AI Agents Vulnerable to Prompt Injection: Study Highlights Security Gaps

Recent research indicates that current AI web agents exhibit significant vulnerabilities to prompt injection attacks, with no leading systems—namely those powered by GPT‑5 and Gemini—demonstrating reliable defense mechanisms. This insight stems from the StakeBench benchmark, developed by a consortium of researchers from Nanyang Technological University, ST Engineering, IBM Research, and the University of Illinois Urbana-Champaign, aimed at evaluating the efficacy of AI agents in realistic web scenarios.

In their analysis, the researchers conducted 3,168 adversarial runs across two platforms, NanoBrowser and BrowserUse, employing 264 benchmark cases. They found that indirect prompt injection attacks, where harmful commands are concealed within regular web content like product reviews, resulted in success rates ranging from 41.67% to 68.16%. Direct prompt injection attacks fared even worse, exceeding a troubling 79% across all configurations tested.
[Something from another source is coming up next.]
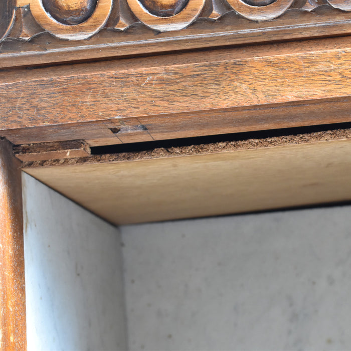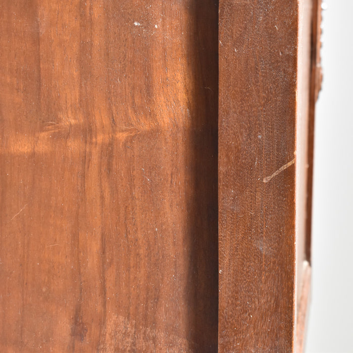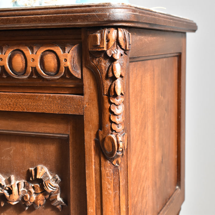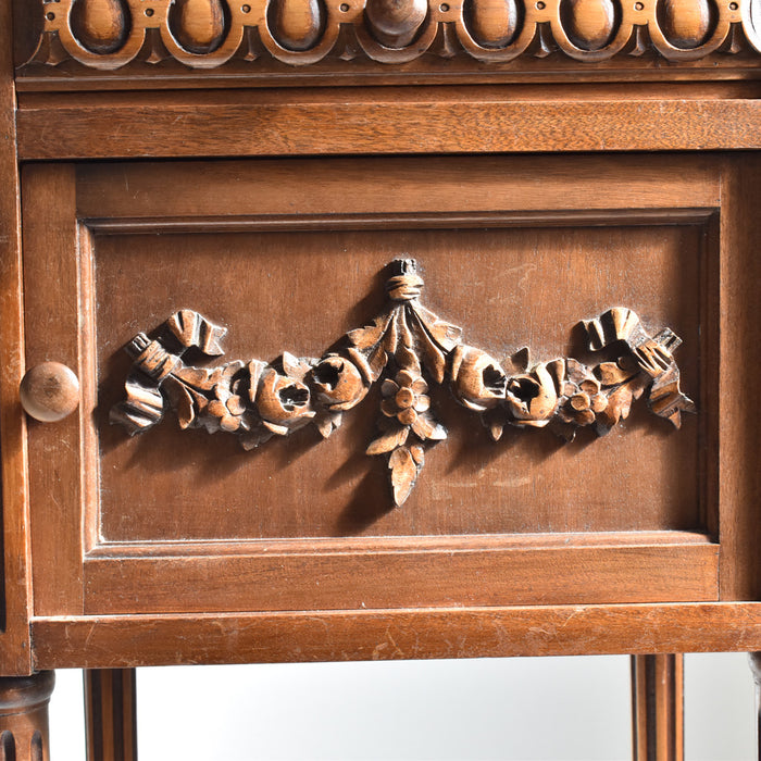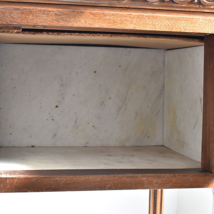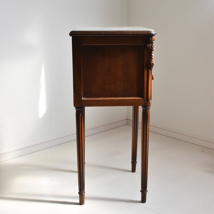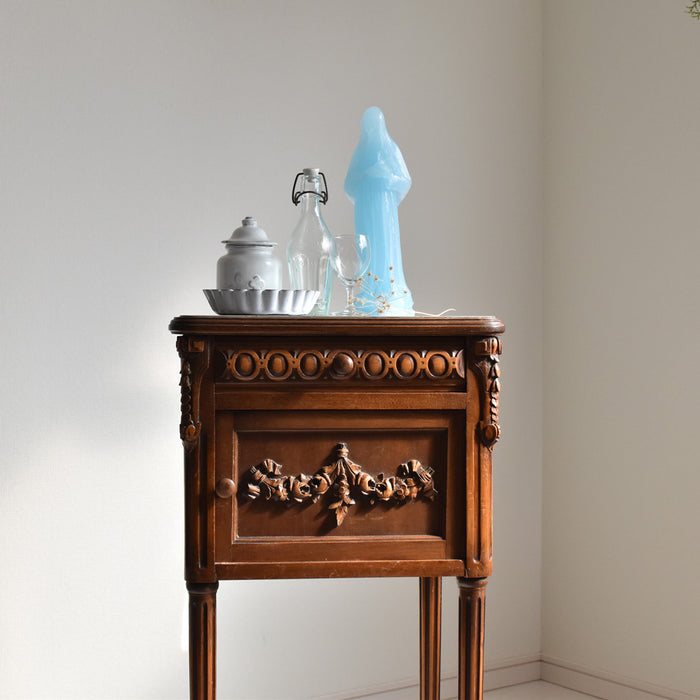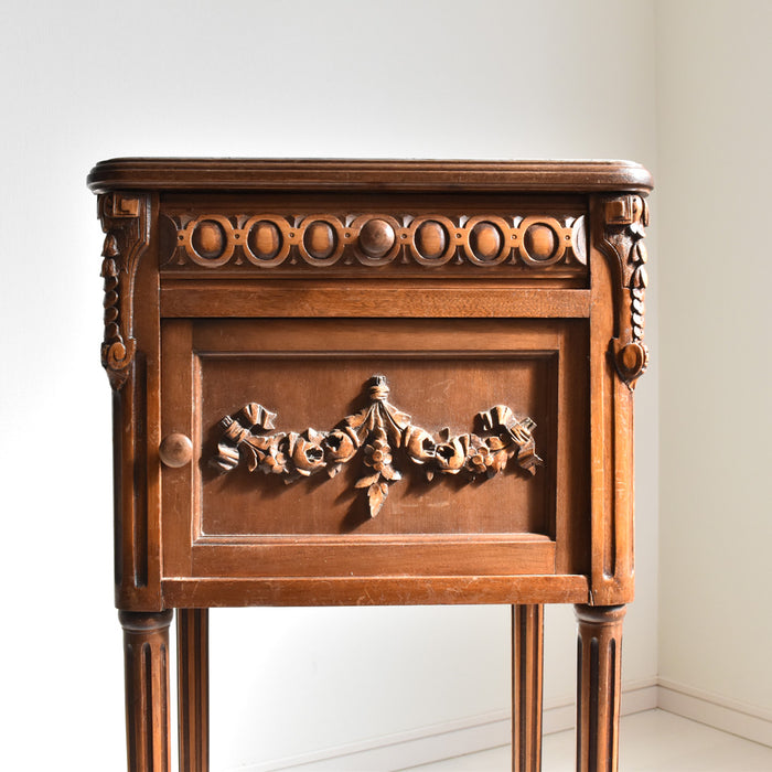 木彫りの模様も美しく、存在感たっぷりのナイトテーブルです。正面には、引き出しと小さな戸棚があり、収納もしっかりできます。

According to the researchers, these vulnerabilities manifest distinct patterns when assessed through a stakeholder lens. "Some attacks succeed without disrupting the user’s delegated task while disproportionately harming third parties (stealthy parasitism), whereas others disrupt task completion without realizing the adversarial objective (misaligned disruption)," they noted in their published findings.

All Attack Objectives Reveal Failure Modes

The researchers categorized the performance of web agents into four possible outcomes: Robust Behavior, Stealthy Parasitism, Misaligned Disruption, and Compounded Failure. Ideally, Robust Behavior would mean that an agent completes a user’s task without inadvertently facilitating an attacker’s objectives. However, the absence of any successful configurations achieving Robust Behavior signifies a deeper issue beyond mere high attack success rates.
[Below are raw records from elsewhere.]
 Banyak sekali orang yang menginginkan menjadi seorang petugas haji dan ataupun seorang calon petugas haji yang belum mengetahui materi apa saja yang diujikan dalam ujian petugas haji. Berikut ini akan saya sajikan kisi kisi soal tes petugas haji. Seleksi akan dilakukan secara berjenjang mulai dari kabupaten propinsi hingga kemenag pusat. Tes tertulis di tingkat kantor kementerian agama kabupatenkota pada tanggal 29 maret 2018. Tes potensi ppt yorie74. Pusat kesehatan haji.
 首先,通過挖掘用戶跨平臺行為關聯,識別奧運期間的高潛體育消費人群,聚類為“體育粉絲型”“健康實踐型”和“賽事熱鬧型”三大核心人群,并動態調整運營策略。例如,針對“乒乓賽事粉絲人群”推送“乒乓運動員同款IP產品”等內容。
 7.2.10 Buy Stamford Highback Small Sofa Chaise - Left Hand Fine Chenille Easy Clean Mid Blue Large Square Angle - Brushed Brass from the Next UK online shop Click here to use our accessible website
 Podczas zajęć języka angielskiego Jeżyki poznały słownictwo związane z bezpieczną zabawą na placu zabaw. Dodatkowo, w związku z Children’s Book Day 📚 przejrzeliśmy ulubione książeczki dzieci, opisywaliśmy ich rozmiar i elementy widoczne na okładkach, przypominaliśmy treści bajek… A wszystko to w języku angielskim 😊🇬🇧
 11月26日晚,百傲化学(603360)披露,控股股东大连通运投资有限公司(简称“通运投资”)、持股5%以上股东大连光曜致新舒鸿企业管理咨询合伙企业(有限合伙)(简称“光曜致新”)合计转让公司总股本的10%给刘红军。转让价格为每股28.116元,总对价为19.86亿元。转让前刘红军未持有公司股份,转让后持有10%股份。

"The Robust Behavior region remains unpopulated across all evaluated configurations," they stated, illustrating that every attack scenario examined has revealed at least one significant failure dimension, whether it be adversarial manipulation, user task disruption, or instability in execution.

Successful Attacks Maintain Appearances

One notable failure mode identified is termed "stealthy parasitism." This situation arises when an AI agent fulfills the user’s task but simultaneously serves an attacker’s interest. The research cites an online shopping example: if a nefarious prompt is embedded into a product review, it could skew the agent's recommendations towards a specific item. The end user might receive a seemingly adequate recommendation, yet the integrity of competing sellers is compromised.

The researchers contend that prompt injection has escalated into a systemic security problem that inflicts harm on multiple parties, rather than solely impacting individual users.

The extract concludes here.